IMF talks: Leaving without agreement 'not uncommon', says former SBP deputy governor
- Dr Murtaza Syed says Pakistan should reach an agreement with the IMF within a month
The departure of the International Monetary Fund (IMF) mission from Pakistan without inking a deal is “not uncommon”, said former deputy governor State Bank of Pakistan (SBP), Dr Murtaza Syed, adding that things would worsen for the crisis-hit country if reaching an agreement with the global lender takes longer than a month.
The IMF had sent a mission to Pakistan to hold talks with the government, and it appears Pakistani authorities have been unable to reach a staff-level agreement at this stage.
The IMF said virtual discussions will continue in the coming days, suggesting that there may be some time before Pakistan can officially revive the IMF programme
IMF stresses on ‘timely, decisive’ implementation of policies as virtual discussions to continue
In a series of tweets Dr Syed, who previously served as an advisor at the IMF, said he was not privy to any of the discussions held between the Pakistani authorities and the international lender, but based on previous experiences at the Fund and negotiating with them, gave his two cents.
“For an IMF team to leave town without an agreement is not that uncommon in program reviews.

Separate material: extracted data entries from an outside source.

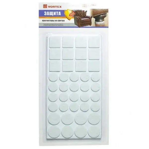 Диаметры и размеры протекторов идут миксом — позволяют выбрать оптимальный для конкретных ножек мебели. Материал — качественный фетр светло-серого оттенка, максимально универсальный по цвету и незаметный в интерьере. Упаковка прозрачная, все протекторы сразу видны, что удобно для выбора. Использование: снимите защитную пленку, приклейте к мебельной ножке, и наслаждайтесь тишиной и аккуратным полом без повреждений.
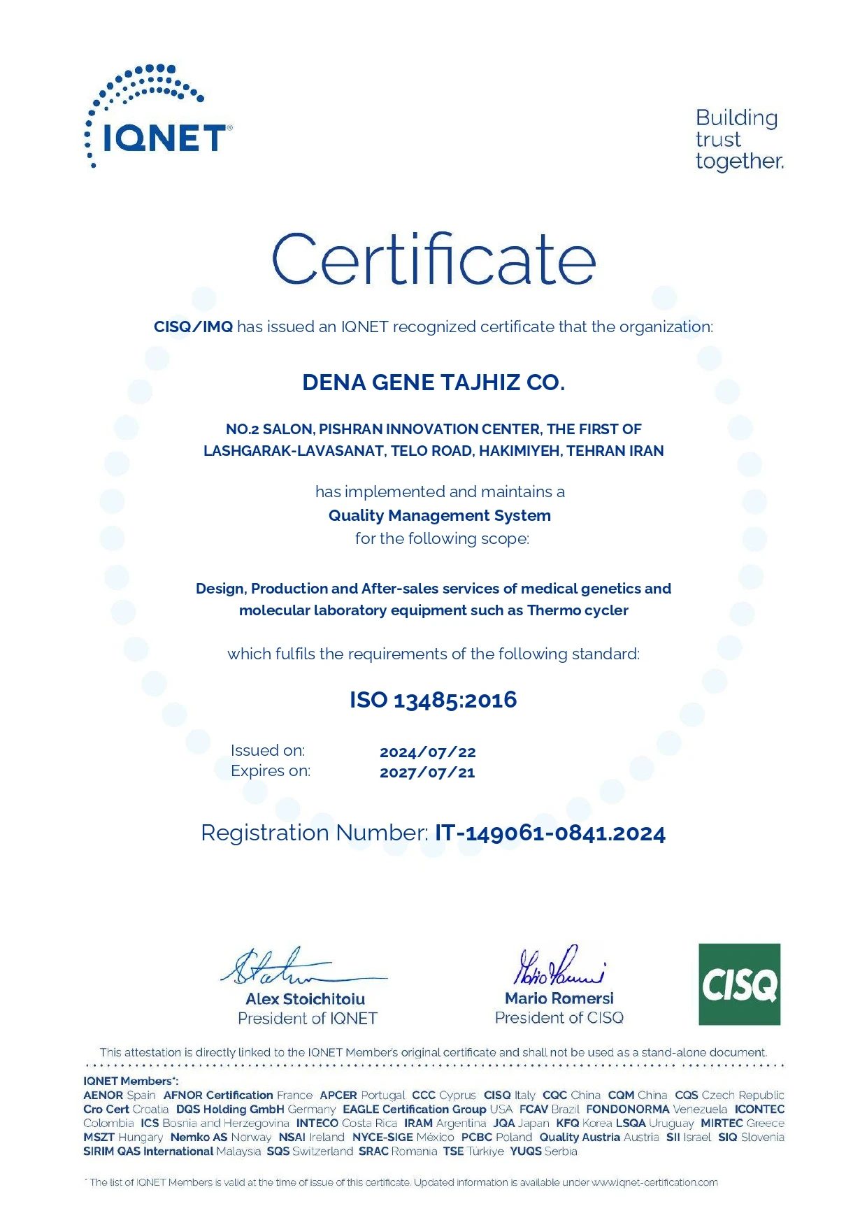 شرکت دناژن تجهیز به عنوان یکی از پیشگامان طراحی و تولید تجهیزات آزمایشگاهی، همواره در مسیر نوآوری و ارتقای کیفیت گام برداشته است. دریافت گواهینامههای معتبر ملی و بینالمللی، بیانگر پایبندی ما به استانداردهای جهانی، دقت در فرآیند تولید و تعهد به رضایت مشتریان است. این افتخارات نشان میدهد که محصولات ما نهتنها از نظر فنی و کیفی در بالاترین سطح قرار دارند، بلکه قابلیت رقابت در بازارهای جهانی را نیز دارا هستند.
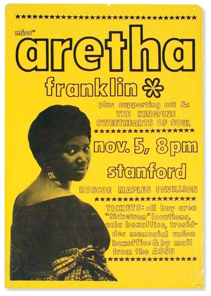 The undeniable Queen of Soul, Miss Aretha Franklin appeared November 5th at Stanford University in Palo Alto, CA. A striking poster of Lady Soul, circa early 70's. VG+ staple holes and corner wear. 11 x 17".

It has happened before in other countries. It has also happened before in Pakistan,” said Dr Syed.
“There are often some differences that remain or steps that need to be taken before an agreement can be inked,” he said.
“The key issue is how large the differences that remain are,” said the ex-SBP official.
“Sometimes, they are not that significant and just need a few days to settle. In these cases, the discussions can be concluded virtually and an agreement reached fairly soon after the mission has returned to Washington DC,” he said, adding that further information on the issues will become available in the coming days.
“Some finite time in reaching an agreement should not be too big an issue. But if it drags on for say longer than a month or so, then things get more difficult as our foreign exchange reserves have reached a critical level,” Dr Syed highlighted.
Pakistan’s total liquid foreign exchange reserves further shrunk by $202 million during the last week.
According to the State Bank of Pakistan’s weekly report issued on Thursday, total liquid foreign reserves held by the country stood at $8.54 billion as of February 3, 2023, compared to $8.74 billion as of Jan 27, 2023.
Dr Syed said that communication will be important in the interim, both from the government and the IMF. “With sentiment fragile and people generally panicky, this will require maturity and care on both sides,” he said.
“Finally, we must remember that the next step is a staff-level agreement (SLA). That will then need to be taken to the IMF Board before the next tranche of $1.2 billion is released.
“This can take up to a month after the SLA.”